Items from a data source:
========

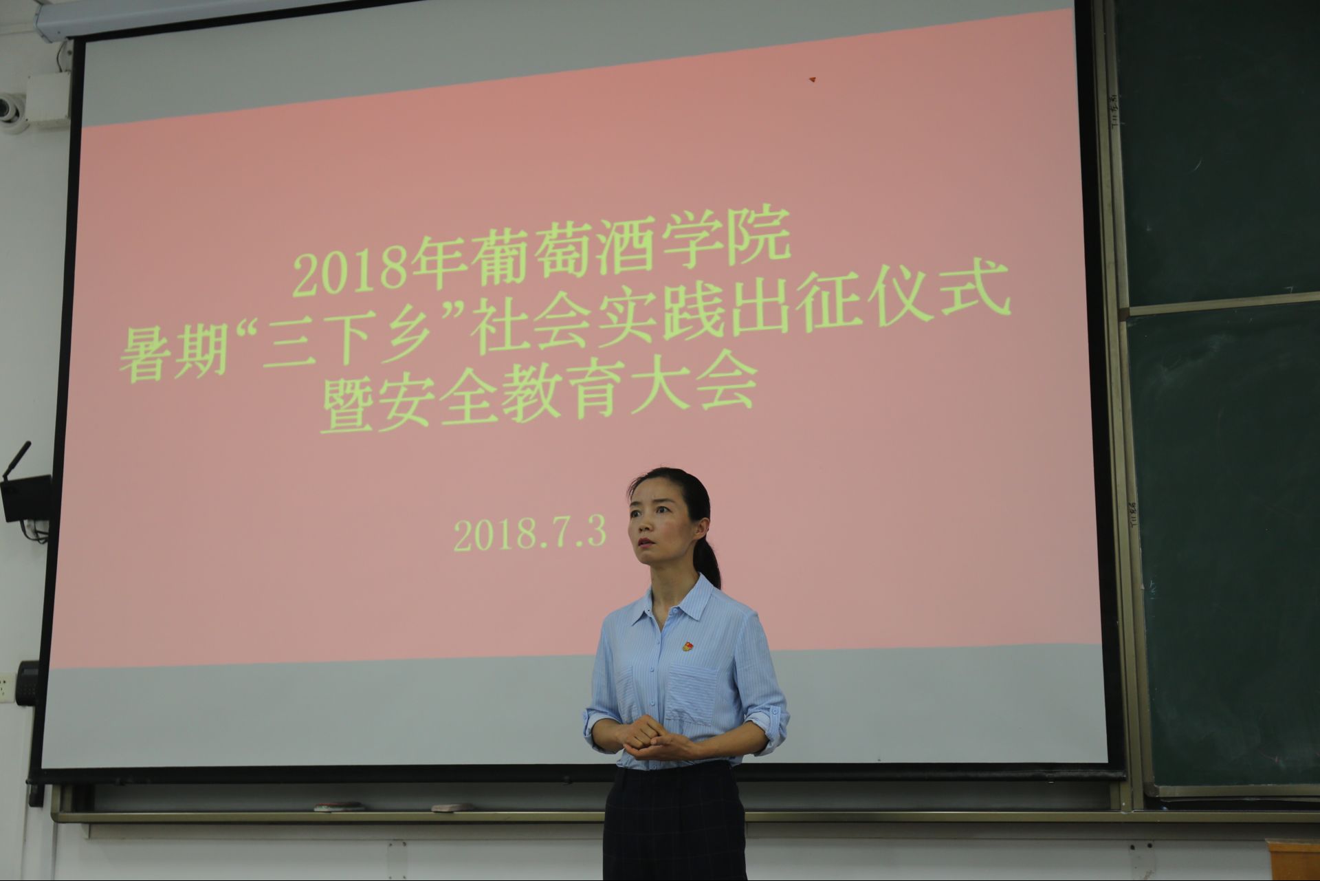 党委副书记邓亚丽老师贴心地为各队伍发放了医疗包后,对暑期社会实践工作提出四点要求,一是全面认识社会实践的重要意义。社会实践是了解社会、认识社会的重要途径,是专业学习和实践教育的重要组成部分,作为对实践能力有较高要求的葡萄与葡萄酒工程专业的学生,应抓住一切机会积极投身实践锻炼,通过实践了解社会、认识专业、成长自我。二是做足行前“功课”,提高实践项目执行能力。每支队伍在出发前结合各自实践目的和要求,按照“科学谋划、目标管理、信息在线、过程控制”的原则,细致做好资料查阅、人员分工、路线攻略、经费预算等工作,确保学校、学院支持项目经费的合理开支和实践育人目标的全面实现。三是展示个人良好素养,做密切学院和校友关系的使者。实践活动一如既往得到了行业企业和广大校友的鼎力支持,每一位实践成员都是香蕉视频
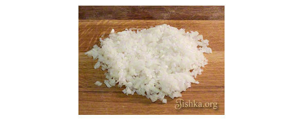 Репчатый лук очень мелко нарезать, чем мельче тем лучше. Можно натереть на терке.
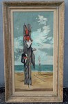 FORTESS, Karl, (American, 1907-1995): Modernist beach scene with markers and buoys, O/C, 40" x 20", SLL. Fortess studied at the AIC, ASL, Woodstock School. Exhibited at Salons of America, Woodstock AA, WMAA, PAFA, Corcoran, Carnegie, and the NAD. He was awarded the Guggenheim Fellowship in 1946, the Childe Hassam Fund purchase award in 1952, and many other juried prizes during his extensive career. In addition to working as a WPA artist, Fortess taught at the ASL, Brooklyn Museum Art School, LSU, and BU, to name a few. | 1,000 |
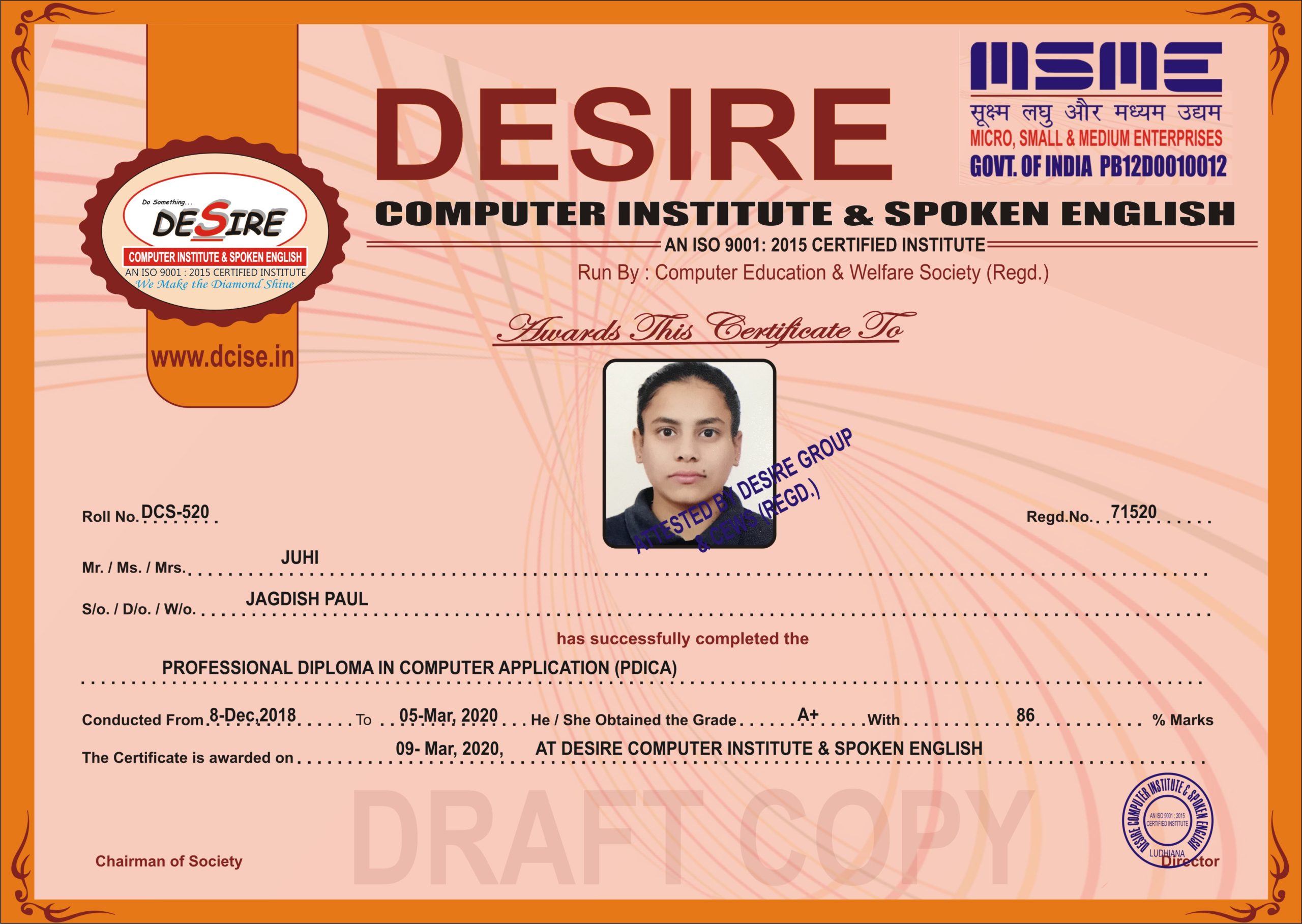 Course Name: | PROFESSIONAL DIPLOMA IN COMPUTER APPLICATION |
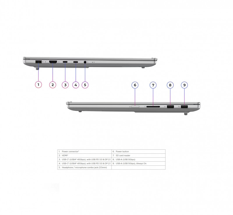 1x USB-A (USB 5Gbps/USB 3.2 Gen 1); 1x USB-A (USB 5Gbps/USB 3.2 Gen 1), Always On; 2x USB-C (USB4 40Gbps), with USB PD 3.0 and DisplayPort 2.1; 1x Headphone/microphone combo jack (3.5mm); 1x SD card reader |
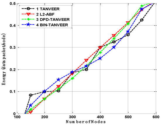 The comparison of energy consumption is displayed in Figure 14, where the energy is delivering a single packet towards the destination. It observed that the minimum energy consumption for the DPD-TANVEER is when it could bypass the empty regions and directly sends the data packets to the sonobuoys, so it is slightly lower than L2-ABF. The minimum possible energy consumption for each packet is 0.3 J with DPD-TAANVEER and 0.4 J of L2-ABF. This is only due to singe angle-based measuring for the dissemination of the data packets.
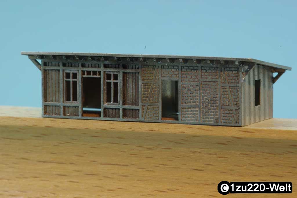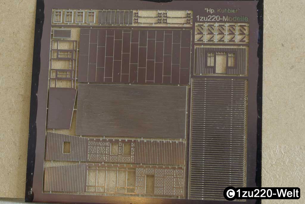 Anders als im Magazin habe ich das Modell jedoch nicht in Kunststoffbauweise und Handarbeit umgesetzt, sondern einen Ätzbausatz daraus gemacht. So können alle Strukturen fein und sauber nachgebildet werden. Bautechnisch stellte der Eingangsbereich zur Wartehalle die größte Herausforderung dar. Dort liegt das Fachwerk außen offen und musste in entsprechender Dicke ausgebildet werden. Dazu habe ich dort drei Schichten Blech verwendet. Die äußere Lage ist in die Grundwand integriert und zeigt nur die Balken des Fachwerks, die nächste Schicht beinhaltet zusätzlich die Fensterkreuze und mit Knicklinie versehen die Zwischenwand. Die dritte Schicht verschließt das Fachwerk von innen mit einer Bretterstruktur. Etwas aufwändig, aber nur so erhält man eine schöne Tiefenwirkung.
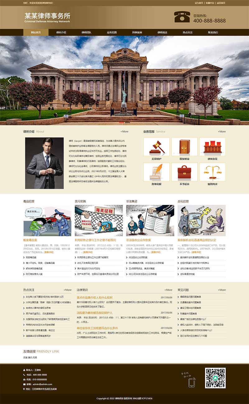 PbootCMS内核开发的网站模板,该模板适用于法律资讯网站、律师事务所网站等企业,当然其他行业也可以做,只需要把文字图片换成其他行业的即可;
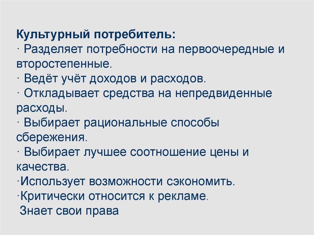 Культурный потребитель:· Разделяет потребности на первоочередные и
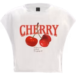Slaydiva Casual Simple Red Cherry Pattern Letter Print Loose Cropped Round Neck Short Sleeve T-Shirt For Women,Slightly Sheer Suitable For Summer
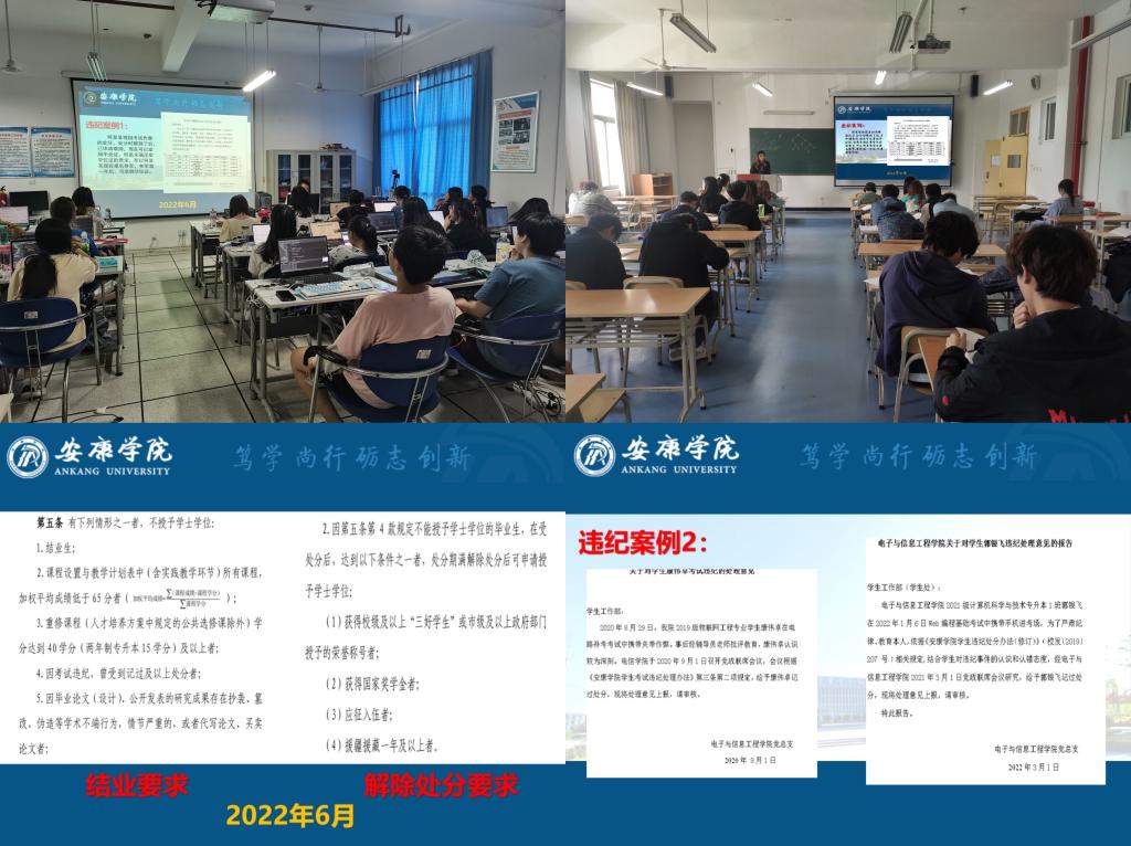 其次,班会开展诚信考试宣传,组织各班学生学习考试违纪处理办法,了解考试违规的严重性,树立良好的考风考纪;并通过真实的违纪案例对学生进行警示教育,要求学生严格遵守考试规章制度,实事求是,杜绝一切考试作弊形式;班会强调了诚信考试的重要性,诚信考试不单单是对学习质量的检测,也是道德水准的检验,各班学生要以诚信的态度对待每一场考试。

========

■ PROBLEM TO SOLVE ■
Print the data above exactly; drop every picture.

■ EXERCISE RESPONSE ■
 党委副书记邓亚丽老师贴心地为各队伍发放了医疗包后,对暑期社会实践工作提出四点要求,一是全面认识社会实践的重要意义。社会实践是了解社会、认识社会的重要途径,是专业学习和实践教育的重要组成部分,作为对实践能力有较高要求的葡萄与葡萄酒工程专业的学生,应抓住一切机会积极投身实践锻炼,通过实践了解社会、认识专业、成长自我。二是做足行前“功课”,提高实践项目执行能力。每支队伍在出发前结合各自实践目的和要求,按照“科学谋划、目标管理、信息在线、过程控制”的原则,细致做好资料查阅、人员分工、路线攻略、经费预算等工作,确保学校、学院支持项目经费的合理开支和实践育人目标的全面实现。三是展示个人良好素养,做密切学院和校友关系的使者。实践活动一如既往得到了行业企业和广大校友的鼎力支持,每一位实践成员都是香蕉视频
 Репчатый лук очень мелко нарезать, чем мельче тем лучше. Можно натереть на терке.
 FORTESS, Karl, (American, 1907-1995): Modernist beach scene with markers and buoys, O/C, 40" x 20", SLL. Fortess studied at the AIC, ASL, Woodstock School. Exhibited at Salons of America, Woodstock AA, WMAA, PAFA, Corcoran, Carnegie, and the NAD. He was awarded the Guggenheim Fellowship in 1946, the Childe Hassam Fund purchase award in 1952, and many other juried prizes during his extensive career. In addition to working as a WPA artist, Fortess taught at the ASL, Brooklyn Museum Art School, LSU, and BU, to name a few. | 1,000 |
 Course Name: | PROFESSIONAL DIPLOMA IN COMPUTER APPLICATION |
 1x USB-A (USB 5Gbps/USB 3.2 Gen 1); 1x USB-A (USB 5Gbps/USB 3.2 Gen 1), Always On; 2x USB-C (USB4 40Gbps), with USB PD 3.0 and DisplayPort 2.1; 1x Headphone/microphone combo jack (3.5mm); 1x SD card reader |
 The comparison of energy consumption is displayed in Figure 14, where the energy is delivering a single packet towards the destination. It observed that the minimum energy consumption for the DPD-TANVEER is when it could bypass the empty regions and directly sends the data packets to the sonobuoys, so it is slightly lower than L2-ABF. The minimum possible energy consumption for each packet is 0.3 J with DPD-TAANVEER and 0.4 J of L2-ABF. This is only due to singe angle-based measuring for the dissemination of the data packets.
 Anders als im Magazin habe ich das Modell jedoch nicht in Kunststoffbauweise und Handarbeit umgesetzt, sondern einen Ätzbausatz daraus gemacht. So können alle Strukturen fein und sauber nachgebildet werden. Bautechnisch stellte der Eingangsbereich zur Wartehalle die größte Herausforderung dar. Dort liegt das Fachwerk außen offen und musste in entsprechender Dicke ausgebildet werden. Dazu habe ich dort drei Schichten Blech verwendet. Die äußere Lage ist in die Grundwand integriert und zeigt nur die Balken des Fachwerks, die nächste Schicht beinhaltet zusätzlich die Fensterkreuze und mit Knicklinie versehen die Zwischenwand. Die dritte Schicht verschließt das Fachwerk von innen mit einer Bretterstruktur. Etwas aufwändig, aber nur so erhält man eine schöne Tiefenwirkung.
 PbootCMS内核开发的网站模板,该模板适用于法律资讯网站、律师事务所网站等企业,当然其他行业也可以做,只需要把文字图片换成其他行业的即可;
 Культурный потребитель:· Разделяет потребности на первоочередные и
Slaydiva Casual Simple Red Cherry Pattern Letter Print Loose Cropped Round Neck Short Sleeve T-Shirt For Women,Slightly Sheer Suitable For Summer
 其次,班会开展诚信考试宣传,组织各班学生学习考试违纪处理办法,了解考试违规的严重性,树立良好的考风考纪;并通过真实的违纪案例对学生进行警示教育,要求学生严格遵守考试规章制度,实事求是,杜绝一切考试作弊形式;班会强调了诚信考试的重要性,诚信考试不单单是对学习质量的检测,也是道德水准的检验,各班学生要以诚信的态度对待每一场考试。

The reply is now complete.